───── LISTED ENTRIES ─────

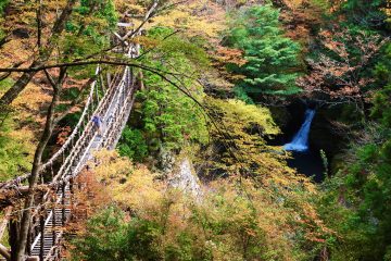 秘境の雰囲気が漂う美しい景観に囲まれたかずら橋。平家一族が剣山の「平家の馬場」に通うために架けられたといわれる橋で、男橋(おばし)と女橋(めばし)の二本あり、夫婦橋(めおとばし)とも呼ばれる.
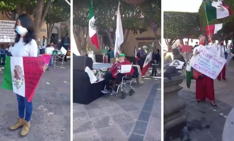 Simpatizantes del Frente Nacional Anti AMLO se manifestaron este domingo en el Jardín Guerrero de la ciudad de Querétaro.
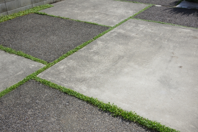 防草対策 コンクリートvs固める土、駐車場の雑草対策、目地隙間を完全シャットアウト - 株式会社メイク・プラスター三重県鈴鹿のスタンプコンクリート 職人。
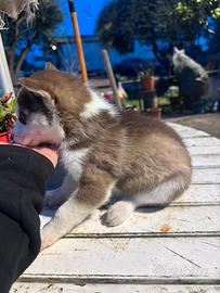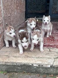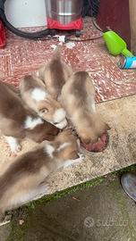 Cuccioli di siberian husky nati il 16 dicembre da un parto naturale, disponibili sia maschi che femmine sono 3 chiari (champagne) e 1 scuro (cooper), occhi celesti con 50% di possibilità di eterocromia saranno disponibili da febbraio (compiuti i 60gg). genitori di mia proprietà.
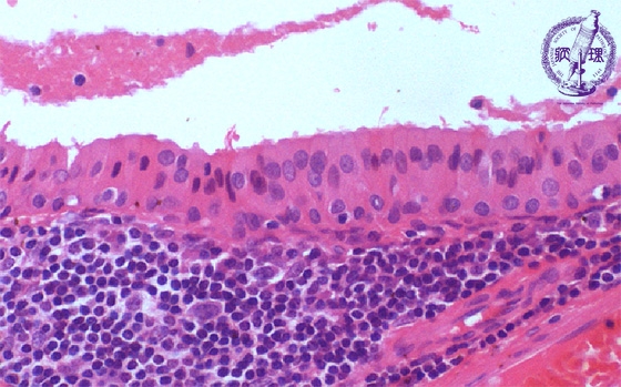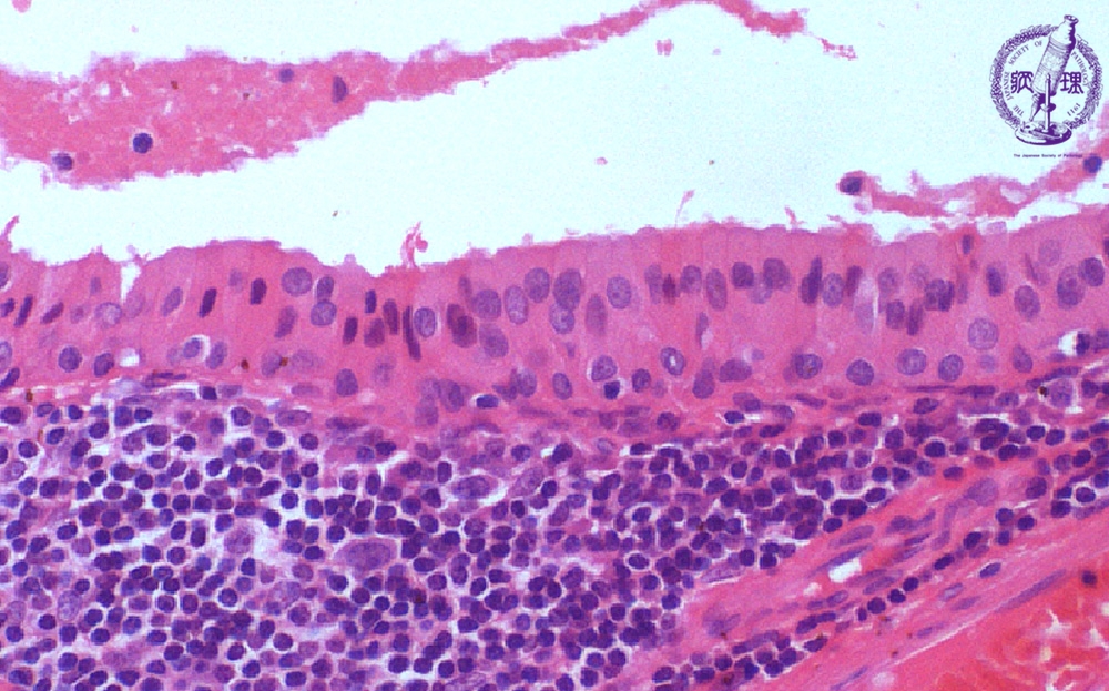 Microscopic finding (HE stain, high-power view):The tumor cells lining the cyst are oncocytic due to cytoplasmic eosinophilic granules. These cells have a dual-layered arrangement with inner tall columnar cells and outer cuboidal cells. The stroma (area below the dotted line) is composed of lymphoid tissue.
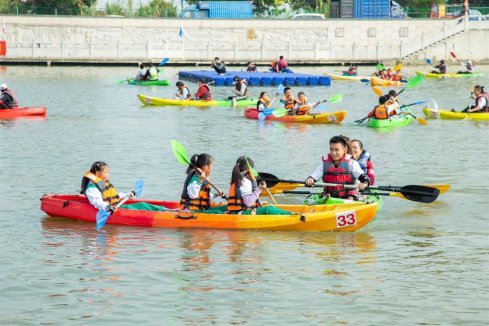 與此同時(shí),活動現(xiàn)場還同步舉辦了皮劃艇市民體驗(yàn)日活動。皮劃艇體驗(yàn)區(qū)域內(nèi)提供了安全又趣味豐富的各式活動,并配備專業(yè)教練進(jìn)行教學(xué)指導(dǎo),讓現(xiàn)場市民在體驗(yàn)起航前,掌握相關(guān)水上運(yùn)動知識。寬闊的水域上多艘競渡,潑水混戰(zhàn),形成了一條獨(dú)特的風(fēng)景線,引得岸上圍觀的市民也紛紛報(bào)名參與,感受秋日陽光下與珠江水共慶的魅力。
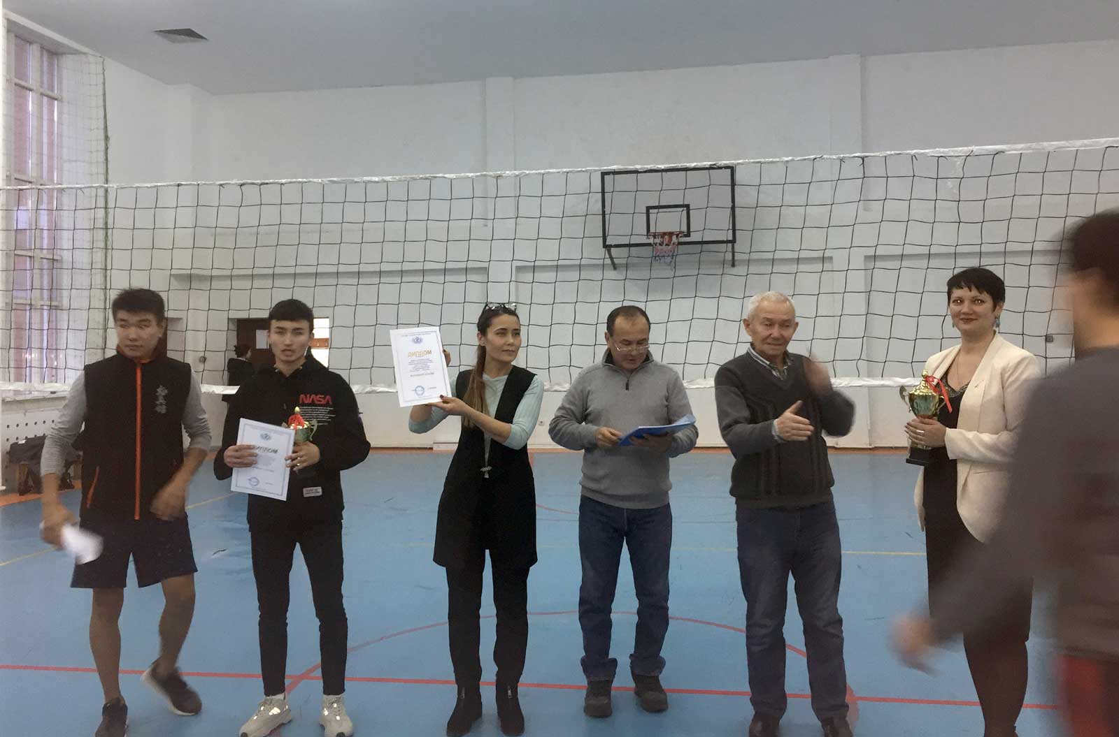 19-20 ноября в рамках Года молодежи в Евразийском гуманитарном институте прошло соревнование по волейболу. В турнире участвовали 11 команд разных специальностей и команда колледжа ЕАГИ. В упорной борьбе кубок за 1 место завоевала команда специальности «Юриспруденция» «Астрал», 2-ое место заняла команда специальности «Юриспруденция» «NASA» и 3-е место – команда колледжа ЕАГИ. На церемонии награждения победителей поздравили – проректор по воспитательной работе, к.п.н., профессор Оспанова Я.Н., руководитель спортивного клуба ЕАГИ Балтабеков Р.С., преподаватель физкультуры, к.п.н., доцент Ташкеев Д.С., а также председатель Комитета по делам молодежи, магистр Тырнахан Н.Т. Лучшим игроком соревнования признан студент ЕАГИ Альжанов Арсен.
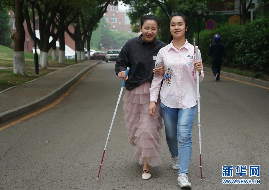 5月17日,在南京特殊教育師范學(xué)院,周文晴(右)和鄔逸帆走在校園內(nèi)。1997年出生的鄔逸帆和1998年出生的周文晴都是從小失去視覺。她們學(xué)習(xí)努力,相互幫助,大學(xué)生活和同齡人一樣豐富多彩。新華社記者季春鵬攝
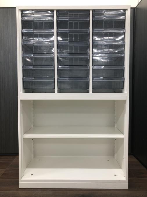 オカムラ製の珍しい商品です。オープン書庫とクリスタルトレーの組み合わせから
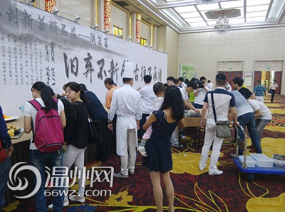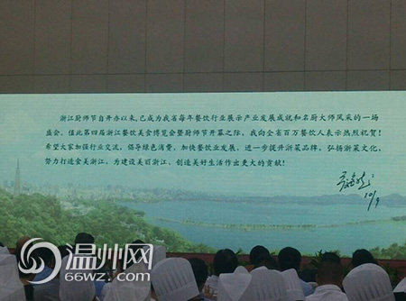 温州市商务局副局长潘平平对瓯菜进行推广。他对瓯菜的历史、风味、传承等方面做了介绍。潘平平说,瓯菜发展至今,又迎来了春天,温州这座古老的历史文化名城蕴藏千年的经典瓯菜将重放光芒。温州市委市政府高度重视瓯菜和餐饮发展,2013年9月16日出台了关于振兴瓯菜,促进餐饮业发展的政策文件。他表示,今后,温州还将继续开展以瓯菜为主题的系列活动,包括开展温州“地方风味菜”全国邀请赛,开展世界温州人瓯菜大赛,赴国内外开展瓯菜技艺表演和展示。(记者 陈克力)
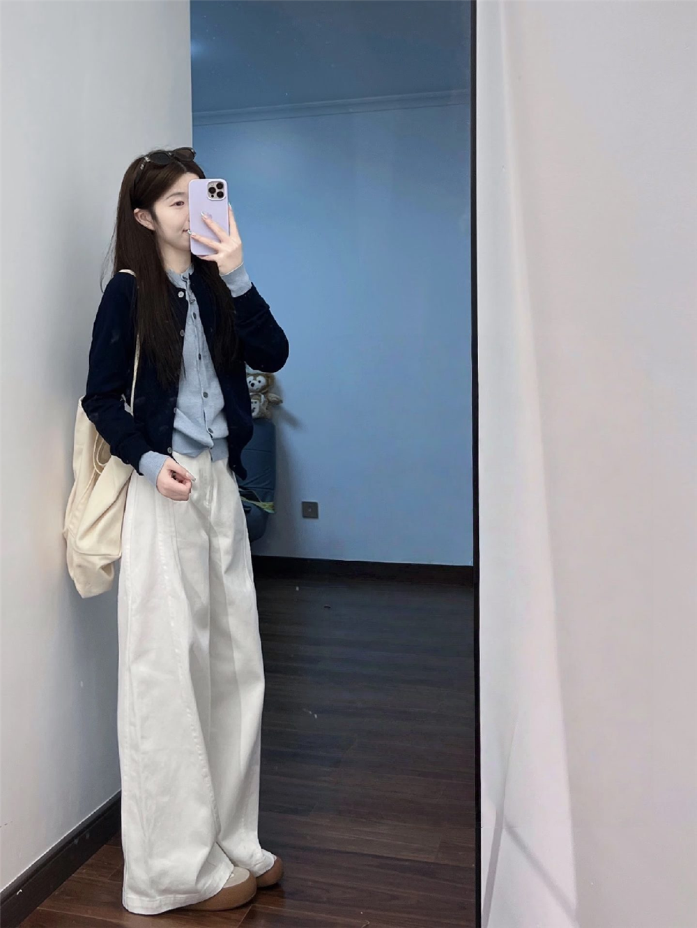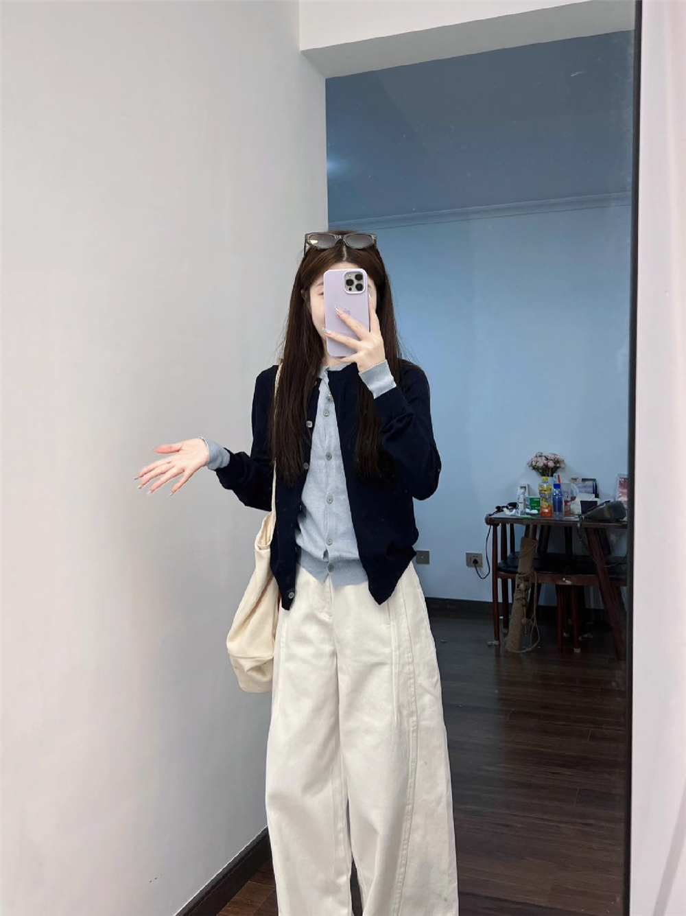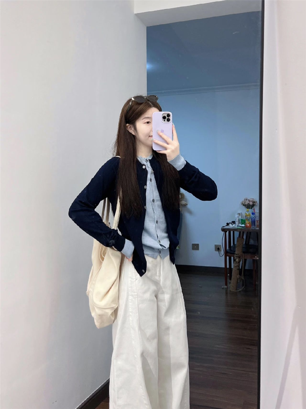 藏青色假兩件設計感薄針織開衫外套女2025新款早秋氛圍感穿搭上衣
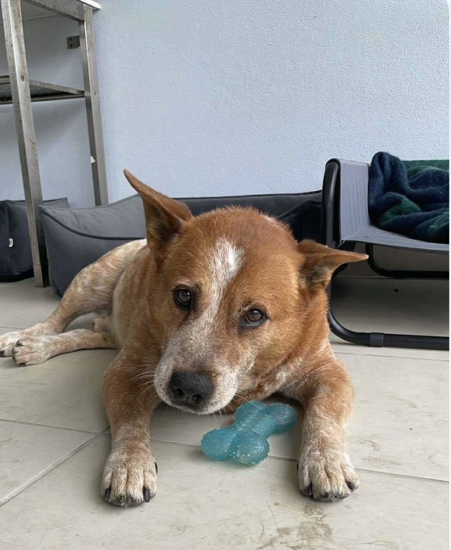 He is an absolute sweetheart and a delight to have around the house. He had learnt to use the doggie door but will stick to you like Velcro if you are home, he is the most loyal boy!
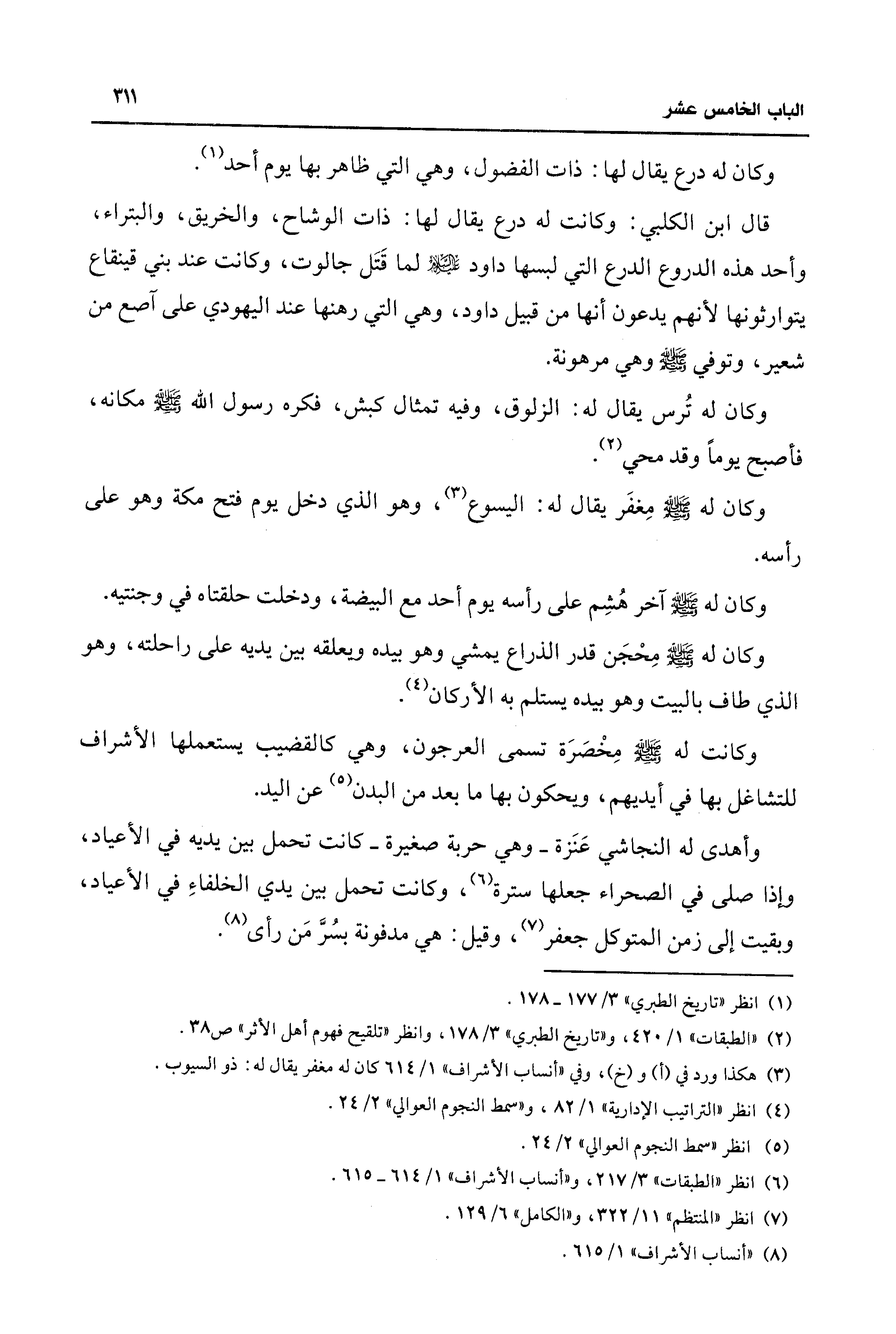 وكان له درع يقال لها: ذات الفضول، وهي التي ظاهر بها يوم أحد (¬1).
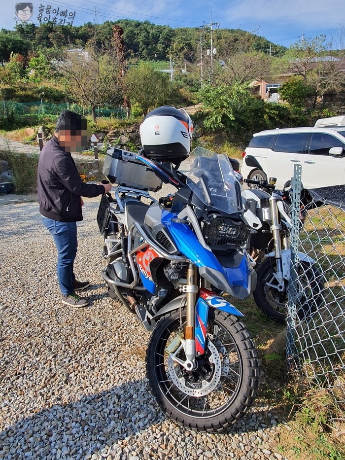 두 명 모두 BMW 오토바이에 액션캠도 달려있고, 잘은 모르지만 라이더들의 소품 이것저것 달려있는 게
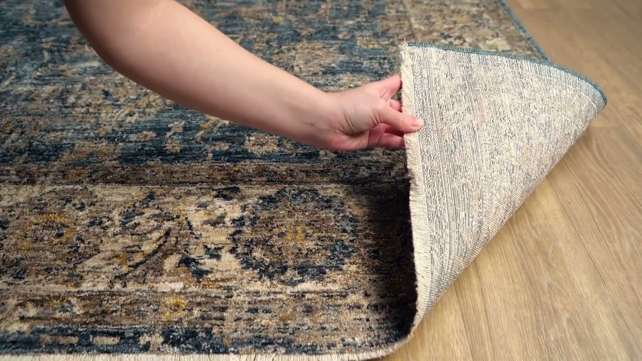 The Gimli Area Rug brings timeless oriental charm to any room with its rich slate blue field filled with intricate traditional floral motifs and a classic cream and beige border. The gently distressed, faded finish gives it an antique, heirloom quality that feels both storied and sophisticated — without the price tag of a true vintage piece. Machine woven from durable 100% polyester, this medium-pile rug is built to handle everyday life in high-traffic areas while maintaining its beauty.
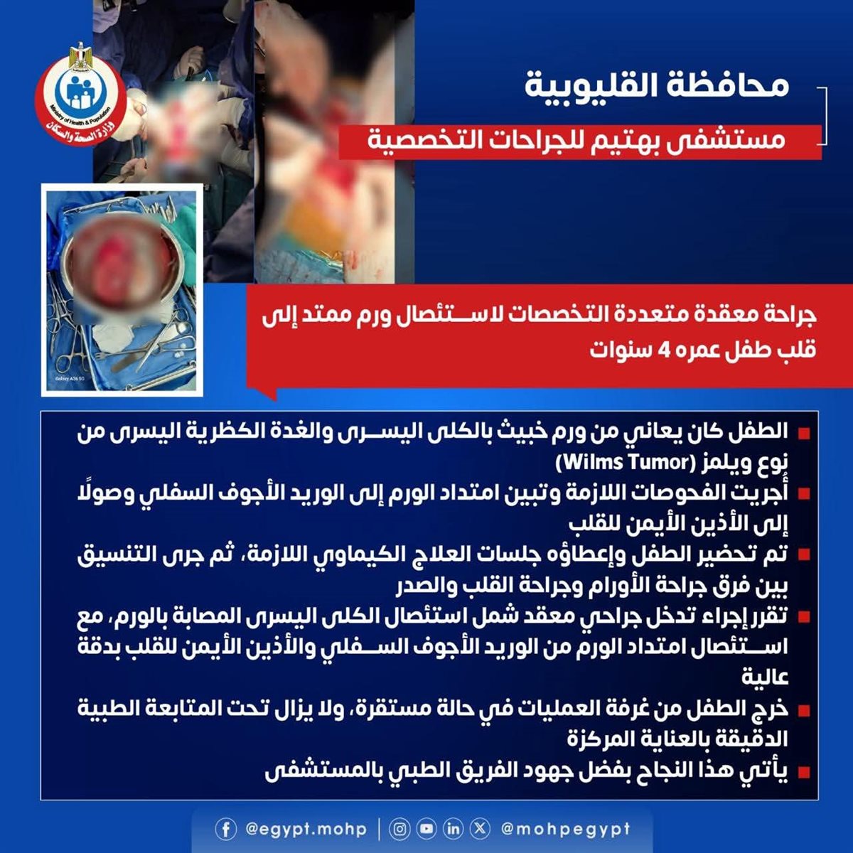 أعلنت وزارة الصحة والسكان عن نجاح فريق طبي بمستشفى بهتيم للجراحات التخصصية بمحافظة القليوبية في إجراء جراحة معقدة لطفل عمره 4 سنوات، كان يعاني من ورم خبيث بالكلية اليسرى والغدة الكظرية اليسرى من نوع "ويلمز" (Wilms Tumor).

─────

■ **WHAT THE EXERCISE ASKS**
In full and without change, repeat the material above, minus the pictures.

■ **WRITTEN ANSWER**
 秘境の雰囲気が漂う美しい景観に囲まれたかずら橋。平家一族が剣山の「平家の馬場」に通うために架けられたといわれる橋で、男橋(おばし)と女橋(めばし)の二本あり、夫婦橋(めおとばし)とも呼ばれる.
 Simpatizantes del Frente Nacional Anti AMLO se manifestaron este domingo en el Jardín Guerrero de la ciudad de Querétaro.
 防草対策 コンクリートvs固める土、駐車場の雑草対策、目地隙間を完全シャットアウト - 株式会社メイク・プラスター三重県鈴鹿のスタンプコンクリート 職人。
 Cuccioli di siberian husky nati il 16 dicembre da un parto naturale, disponibili sia maschi che femmine sono 3 chiari (champagne) e 1 scuro (cooper), occhi celesti con 50% di possibilità di eterocromia saranno disponibili da febbraio (compiuti i 60gg). genitori di mia proprietà.
 Microscopic finding (HE stain, high-power view):The tumor cells lining the cyst are oncocytic due to cytoplasmic eosinophilic granules. These cells have a dual-layered arrangement with inner tall columnar cells and outer cuboidal cells. The stroma (area below the dotted line) is composed of lymphoid tissue.
 與此同時(shí),活動現(xiàn)場還同步舉辦了皮劃艇市民體驗(yàn)日活動。皮劃艇體驗(yàn)區(qū)域內(nèi)提供了安全又趣味豐富的各式活動,并配備專業(yè)教練進(jìn)行教學(xué)指導(dǎo),讓現(xiàn)場市民在體驗(yàn)起航前,掌握相關(guān)水上運(yùn)動知識。寬闊的水域上多艘競渡,潑水混戰(zhàn),形成了一條獨(dú)特的風(fēng)景線,引得岸上圍觀的市民也紛紛報(bào)名參與,感受秋日陽光下與珠江水共慶的魅力。
 19-20 ноября в рамках Года молодежи в Евразийском гуманитарном институте прошло соревнование по волейболу. В турнире участвовали 11 команд разных специальностей и команда колледжа ЕАГИ. В упорной борьбе кубок за 1 место завоевала команда специальности «Юриспруденция» «Астрал», 2-ое место заняла команда специальности «Юриспруденция» «NASA» и 3-е место – команда колледжа ЕАГИ. На церемонии награждения победителей поздравили – проректор по воспитательной работе, к.п.н., профессор Оспанова Я.Н., руководитель спортивного клуба ЕАГИ Балтабеков Р.С., преподаватель физкультуры, к.п.н., доцент Ташкеев Д.С., а также председатель Комитета по делам молодежи, магистр Тырнахан Н.Т. Лучшим игроком соревнования признан студент ЕАГИ Альжанов Арсен.
 5月17日,在南京特殊教育師范學(xué)院,周文晴(右)和鄔逸帆走在校園內(nèi)。1997年出生的鄔逸帆和1998年出生的周文晴都是從小失去視覺。她們學(xué)習(xí)努力,相互幫助,大學(xué)生活和同齡人一樣豐富多彩。新華社記者季春鵬攝
 オカムラ製の珍しい商品です。オープン書庫とクリスタルトレーの組み合わせから
 温州市商务局副局长潘平平对瓯菜进行推广。他对瓯菜的历史、风味、传承等方面做了介绍。潘平平说,瓯菜发展至今,又迎来了春天,温州这座古老的历史文化名城蕴藏千年的经典瓯菜将重放光芒。温州市委市政府高度重视瓯菜和餐饮发展,2013年9月16日出台了关于振兴瓯菜,促进餐饮业发展的政策文件。他表示,今后,温州还将继续开展以瓯菜为主题的系列活动,包括开展温州“地方风味菜”全国邀请赛,开展世界温州人瓯菜大赛,赴国内外开展瓯菜技艺表演和展示。(记者 陈克力)
 藏青色假兩件設計感薄針織開衫外套女2025新款早秋氛圍感穿搭上衣
 He is an absolute sweetheart and a delight to have around the house. He had learnt to use the doggie door but will stick to you like Velcro if you are home, he is the most loyal boy!
 وكان له درع يقال لها: ذات الفضول، وهي التي ظاهر بها يوم أحد (¬1).
 두 명 모두 BMW 오토바이에 액션캠도 달려있고, 잘은 모르지만 라이더들의 소품 이것저것 달려있는 게
 The Gimli Area Rug brings timeless oriental charm to any room with its rich slate blue field filled with intricate traditional floral motifs and a classic cream and beige border. The gently distressed, faded finish gives it an antique, heirloom quality that feels both storied and sophisticated — without the price tag of a true vintage piece. Machine woven from durable 100% polyester, this medium-pile rug is built to handle everyday life in high-traffic areas while maintaining its beauty.
 أعلنت وزارة الصحة والسكان عن نجاح فريق طبي بمستشفى بهتيم للجراحات التخصصية بمحافظة القليوبية في إجراء جراحة معقدة لطفل عمره 4 سنوات، كان يعاني من ورم خبيث بالكلية اليسرى والغدة الكظرية اليسرى من نوع "ويلمز" (Wilms Tumor).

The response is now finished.